Alright, I’m going absolutely batshit stir-crazy† on radiology. Yeah, it’s interesting. Yeah, it’s fascinating. But seriously, they just sit down in that dark room, isolated from mostly all human contact, and read films all day. Good lord, I’m about to lose it. Also, sciatic pain is resurfacing from sitting all day.

ED starts in 2 weeks. Woo!

†Welcome to the roller-coaster ride that is Zac’s emotional state. Some of you are more familiar with it than others :)

A 40-something female presented to the ED a few days after having her gallbladder taken out for infected stones. Keep in mind, this is a teaching hospital in July, so the surgeons are pretty new at this. Hopefully there’s an attending helping them out, but you never can be too sure.

Of course this woman gets admitted to the hospital, because now she’s got a post-operative fever, high white blood cell count, tender abdomen, etc. etc. etc. Naturally they get a CT to see what’s going on…

The surgeons had accidentally cut through the gallbladder, releasing all of her infected stones into her abdomen†. And then for some reason, they just left them in there. Maybe it added to the feng shui of the abdominal walls, I don’t know††. I imagine it went a little something like this:

Intern: Making the first incision now… I’m grabbing the gallbladder.. annndd…. oops.
Attending (turning around): Was that an oops I just heard?
Intern: Uhh, it was nothing, sir. I just jiggled the camera a bit.
Attending: Very well, carry on.

†BTW, when I’m a resident I’ll start carrying a USB drive with me so I can start posting images to go along with the stories… I’ve been trying to figure out how to keep this blog going if I end up doing rads.

††Zing! Puns just never get old.

Well, folks, I’ve made up my mind (mostly). It’s either Radiology or ER at this point; I’ve found Rads so interesting that I’m actually *gasp* inspired to write a personal statement about it. Shocking, I know!

We’ll still have to see if the aforementioned pandemonium of the ER gets me going… but honestly I find the visual aspect and the breadth of Radiology really works for me. Our program is a bit… quiet for me (I’m a fairly loud person, as most of you know) but the residents are really chill and it’s undeniably cool stuff.

More to come!

Edit (9:45PM): Well, that was fast… done already! I gotta be honest, personal statements for residency are a whole lot easier to write than medical school… you’ve actually DONE the thing you’re applying for :-)

Well, I gotta be honest, I’m really enjoying Rads at this point. Maybe not enough to actually do Radiology, but it’s certainly one of the more interesting fields I’ve seen so far. There are a couple things so far that have made me reconsider my last post.

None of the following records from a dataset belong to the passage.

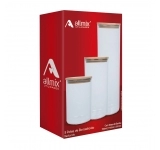 O Conjunto com 3 Potes de Vidro Borossilicato Redondos com Tampa de Bambu Allmix é a escolha ideal para lojistas e revendedores que buscam oferecer produtos premium e sustentáveis, com acabamento natural e alto valor percebido. Uma linha que une elegância, resistência e praticidade, reforçando o compromisso da Allmix com qualidade, design e inovação no segmento de utilidades domésticas de vidro.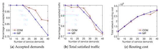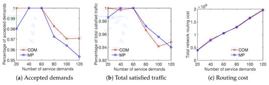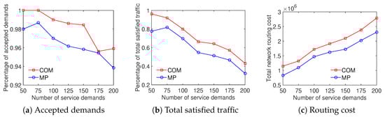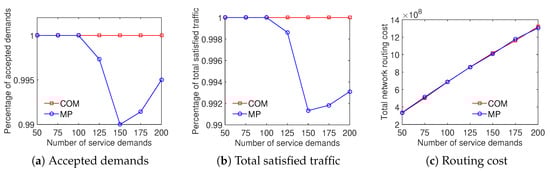 The results illustrate that the COM scheme achieves a higher ratio of accepted demands than the MP scheme while both the total satisfied traffic and the total network routing cost results are equivalent. As shown in Figure 12, the ratio of accepted demands obtained by the COM scheme is better than that of the MP scheme with the Internet2 dataset. In addition, on the percentage of total satisfied traffic and the total network routing cost aspects, the results are very closed. Figure 13 compares the traffic solution considering the COM scheme to the MP scheme with the Bcube dataset. It shows that COM outperforms MP in both the ratio of accepted demands and total satisfied traffic while having the same total network routing cost. For the Geant dataset, Figure 14 shows that the COM scheme achieves at least 20% higher ratio of total satisfied traffic than the MP scheme with a number of service demands from 50 to 200. The total network routing cost of COM is higher than that of MP because of the extreme increment of satisfied traffic. The comparison between COM and MP with the two-tier dataset also shows a similar result, presented in Figure 15. To summarize, the aggregation of the multiple time periods scheme and the differentiated demands scheme provides an effective solution for traffic engineering with multiple objectives.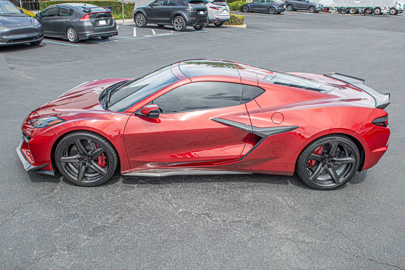 This complete kit includes 1 set of 8 pieces (left and right) to ensure a seamless fit, along with 2 rolls of double-sided tape and all required hardware for easy installation. Designed as a direct tape-on upgrade, no drilling or cutting is required, ensuring your Corvette retains its factory integrity while achieving a striking new look. Compatible with all 2023, 2024, 2025, and 2026 Chevrolet Corvette C8 Z06 and Corvette C8 E-Ray models, this garnish is the ultimate enhancement for Corvette owners who demand performance-inspired styling.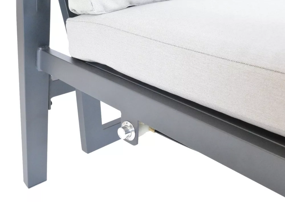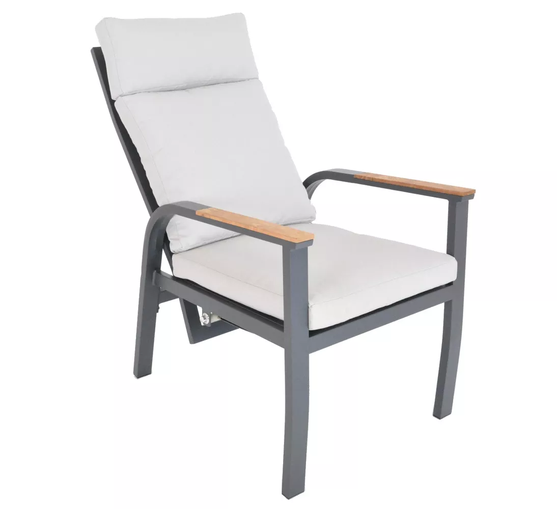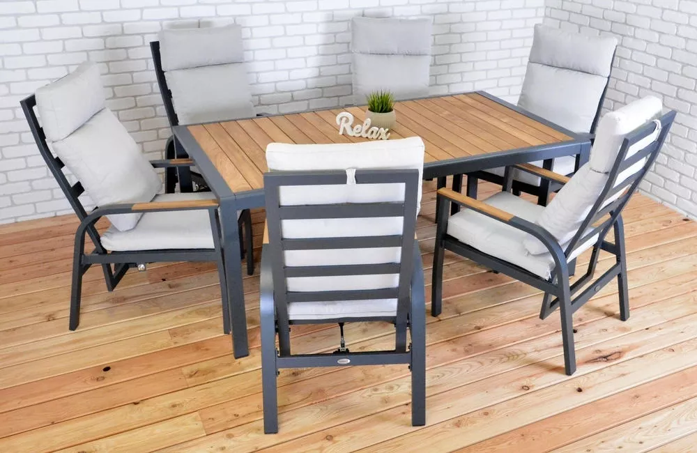 - Materiál: hliníková konstrukce, teakové područky, podušky z vodoodpudivé předené tkaniny (polyester 250 g/m²)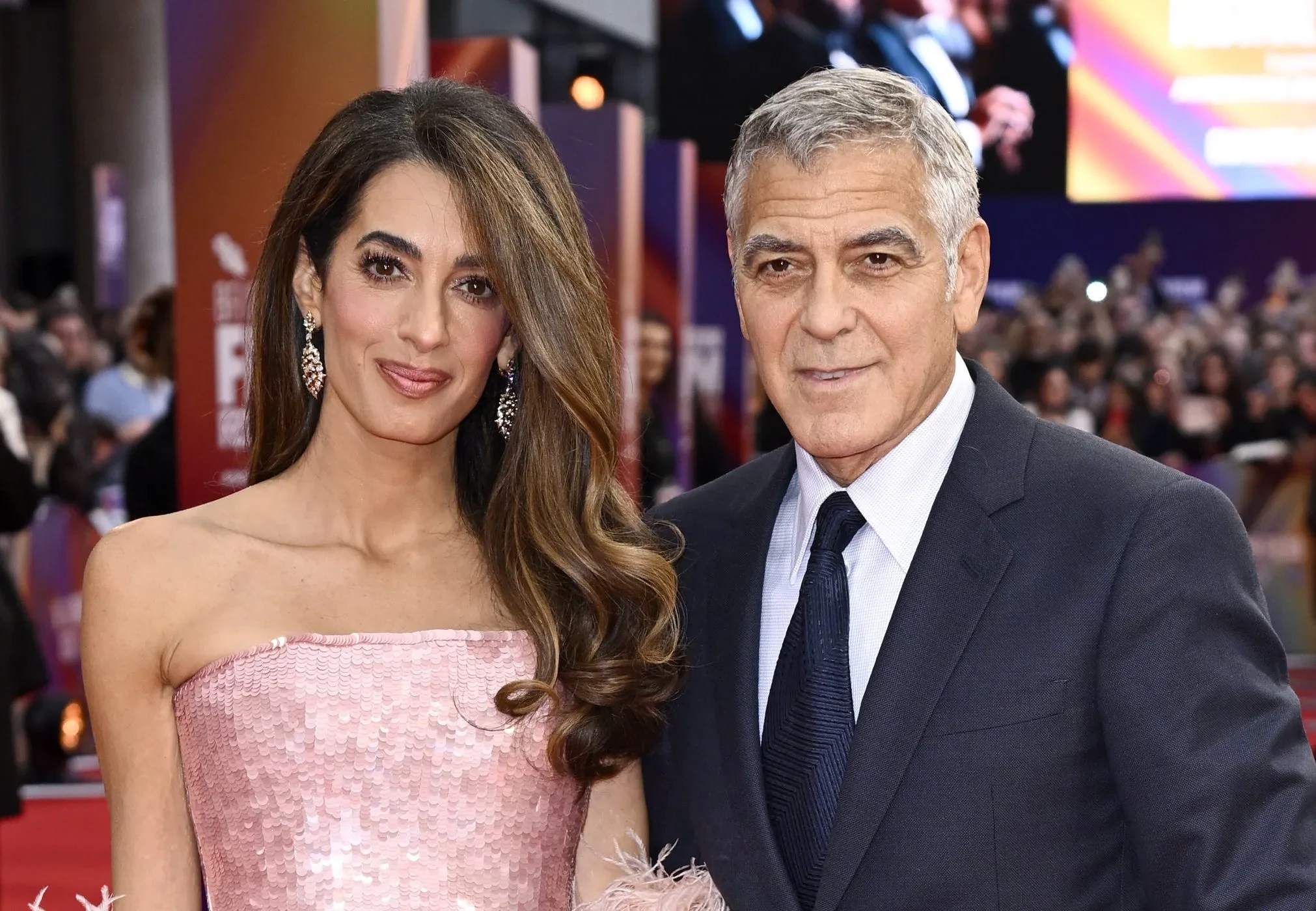 64-летний Джордж Клуни вышел на красную дорожку в сопровождении своей жены, 47-летней Амаль Клуни, которая выбрала для мероприятия розовое платье Tamara Ralph, украшенное пайетками на лифе и бахромой на подоле.

I thought radiologists never saw patients. While this is mostly true, there are a lot of procedures you can do, especially in the field of interventional radiology. On top of that, on chest Xray (which I’m on this week), the radiologists review all the ICU radiographs from the previous day, so they are very familiar with every patient in the ICU. There is also a lot of cross-talk between the radiologists and the other docs (pull this tube out, decrease the fluids because he’s getting edematous, we suggest getting a CT scan, you gave him a pnemothorax, etc).

The field is also INCREDIBLY broad. Even a simple chest x-ray holds a massive amount of information, so you never see the same thing twice. You go at your own pace†, and they get really, really good at this stuff. The difference between a radiologist looking at a film and an internist is crazy.

So here’s the other thing: the geek factor. Listen, I grew up playing video games, tweaking computers, and spending inordinate amounts of time on the internet. Oh, wait, I still do that. Radiology is one of those fields where technology is growing at an exponential rate, and that suits me just fine.

Obviously there’s a few problems, like the fact that it’s a fairly solitary field and you become a vampire. We’ll see once I get on Emergency if the bright lights and the pandemonium are what do it for me… I have an overdeveloped sense of schadenfreude which fits in just delightfully with the ER. So, we’ll see. I’m keeping my options open.

†bonus for me, who hates the structured 8-5 workday of clinic.

Well, I started my radiology rotation today, and much like my immediate, vehement feelings about ophthalmology, I can quite honestly say that I’ll never, ever be a radiologist†.

It’s really interesting, and really, really cool, and I know I’m going to learn a lot… but I swear to god, if I sit in a dark room for one more day staring at a black and white screen (with infinite shades of gray, of course) I might just go postal. Oh, wait. It’s only my first day of the rotation.

By the end of the month I swear I’ll be feeding off unsuspecting humans, cackling with my paper-white skin, slicked back hair, and long, well-groomed fingernails. Bonus: if Interview With The Vampire has anything to say about it, maybe I’ll end up looking badass like Brad Pitt.

Aside from sitting in a dark room the other thing that gets to me is that all these guys are really low-key. And not in a “laid-back” sort of way. More a “I talk very quietly into my dictaphone for 8 hours every day” sort of way.

I’m going to lose it.

†Sorry Uncle John, it’s just not in the cards.